Expression of two transgenes in in vitro matured and fertilized bovine zygotes after DNA microinjection

Abstract
Bovine zygotes produced by in vitro maturation-in vitro fertilization (IVM-IVF) were examined for their potential to serve as recipients of transgenes. Pronuclei, which were maximally visible at about 22 h after IVF, were injected with a SV40-LacZ construct (pSVON). Injected zygotes had lower cleavage rates (49.1%, n = 1162, P < 0.01) than did either noninjected controls (87.4%, n = 1420) or noninjected zygotes in which pronuclei were not visible (67.6%, n = 803).
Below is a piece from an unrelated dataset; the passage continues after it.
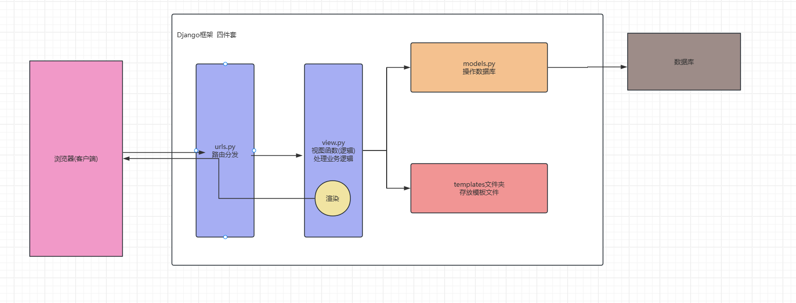 现在是一个最简单的流程建立起来了,包含了一个路由分发,有视图函数,不过没有数据库部分、页面渲染部分。

Zygotes that were injected into their pronuclei cleaved as well as zygotes injected cytoplasmically. At 48 h after injection, when most embryos had reached the four- and eight-cell stages, more zygotes in the pronuclear group (22.7%, n = 125) stained positively for LacZ than did zygotes in the cytoplasmic group (8.0%, n = 125). A group of zygotes injected into the pronucleus with pSVON was cultured for 9 days. More morulae (10.8%, n = 134) than blastocysts (3.2%, n = 31) expressed the LacZ gene, indicating that silencing of expression occurred as development progressed. Another group of zygotes was injected with a beta-actin-LacZ gene construct (pbActinLacZ) and, of the embryos assayed at 48 h, 10.6% (n = 255) stained positively. At 9 days, 36.3% of morulae (n = 91) and 21% of blastocysts (n = 33) expressed the transgene. Almost all putative transgenic embryos injected with either construct showed a mosaic pattern of LacZ expression, with an average of only 2-3 cells staining at the eight-cell stage and the majority of cells in positive blastocysts showing no evidence of expression.